### DATA EXCERPTS:
───
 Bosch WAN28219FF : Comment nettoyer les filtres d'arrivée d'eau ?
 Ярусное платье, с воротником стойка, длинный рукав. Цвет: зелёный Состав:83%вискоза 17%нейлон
───
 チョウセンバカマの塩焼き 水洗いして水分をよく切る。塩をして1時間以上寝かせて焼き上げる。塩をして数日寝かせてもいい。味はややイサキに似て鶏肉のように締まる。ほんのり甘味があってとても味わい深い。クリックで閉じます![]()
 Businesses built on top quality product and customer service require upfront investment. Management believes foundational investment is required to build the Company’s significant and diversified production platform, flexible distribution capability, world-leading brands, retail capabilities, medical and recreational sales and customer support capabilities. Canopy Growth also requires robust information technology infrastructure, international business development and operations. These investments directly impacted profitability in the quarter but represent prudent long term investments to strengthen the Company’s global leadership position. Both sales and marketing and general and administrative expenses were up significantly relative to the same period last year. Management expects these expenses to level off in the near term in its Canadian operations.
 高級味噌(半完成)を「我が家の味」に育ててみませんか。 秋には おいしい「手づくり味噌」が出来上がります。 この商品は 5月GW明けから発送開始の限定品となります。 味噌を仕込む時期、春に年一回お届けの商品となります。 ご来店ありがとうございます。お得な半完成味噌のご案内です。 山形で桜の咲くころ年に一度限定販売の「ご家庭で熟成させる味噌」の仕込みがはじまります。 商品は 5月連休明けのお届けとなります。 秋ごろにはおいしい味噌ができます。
───
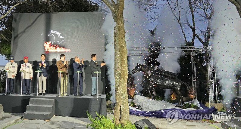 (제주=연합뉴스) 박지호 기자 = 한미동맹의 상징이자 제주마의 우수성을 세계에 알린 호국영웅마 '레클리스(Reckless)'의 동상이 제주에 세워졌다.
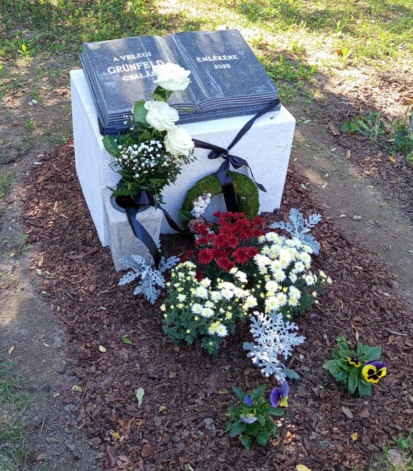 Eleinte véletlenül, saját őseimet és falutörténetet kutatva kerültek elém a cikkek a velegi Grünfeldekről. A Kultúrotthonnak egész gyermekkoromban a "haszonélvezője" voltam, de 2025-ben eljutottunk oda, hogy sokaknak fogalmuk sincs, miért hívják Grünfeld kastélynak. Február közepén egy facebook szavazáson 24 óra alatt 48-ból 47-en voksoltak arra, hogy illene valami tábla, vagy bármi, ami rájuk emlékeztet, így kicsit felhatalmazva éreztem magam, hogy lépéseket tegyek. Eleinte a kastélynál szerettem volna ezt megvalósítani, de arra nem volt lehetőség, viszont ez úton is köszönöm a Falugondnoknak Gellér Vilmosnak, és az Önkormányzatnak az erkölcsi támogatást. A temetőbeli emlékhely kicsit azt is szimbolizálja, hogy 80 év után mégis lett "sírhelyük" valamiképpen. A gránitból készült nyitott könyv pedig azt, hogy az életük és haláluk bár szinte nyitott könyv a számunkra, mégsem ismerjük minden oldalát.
───
Everything above from the line that has "(제주=연합뉴스) 박지호 기자" down to the line that has "Eleinte véletlenül, saját" should be output exactly, with both of those lines included. Leave the pictures behind.

### WRITTEN ANSWER:
 (제주=연합뉴스) 박지호 기자 = 한미동맹의 상징이자 제주마의 우수성을 세계에 알린 호국영웅마 '레클리스(Reckless)'의 동상이 제주에 세워졌다.
 Eleinte véletlenül, saját őseimet és falutörténetet kutatva kerültek elém a cikkek a velegi Grünfeldekről. A Kultúrotthonnak egész gyermekkoromban a "haszonélvezője" voltam, de 2025-ben eljutottunk oda, hogy sokaknak fogalmuk sincs, miért hívják Grünfeld kastélynak. Február közepén egy facebook szavazáson 24 óra alatt 48-ból 47-en voksoltak arra, hogy illene valami tábla, vagy bármi, ami rájuk emlékeztet, így kicsit felhatalmazva éreztem magam, hogy lépéseket tegyek. Eleinte a kastélynál szerettem volna ezt megvalósítani, de arra nem volt lehetőség, viszont ez úton is köszönöm a Falugondnoknak Gellér Vilmosnak, és az Önkormányzatnak az erkölcsi támogatást. A temetőbeli emlékhely kicsit azt is szimbolizálja, hogy 80 év után mégis lett "sírhelyük" valamiképpen. A gránitból készült nyitott könyv pedig azt, hogy az életük és haláluk bár szinte nyitott könyv a számunkra, mégsem ismerjük minden oldalát.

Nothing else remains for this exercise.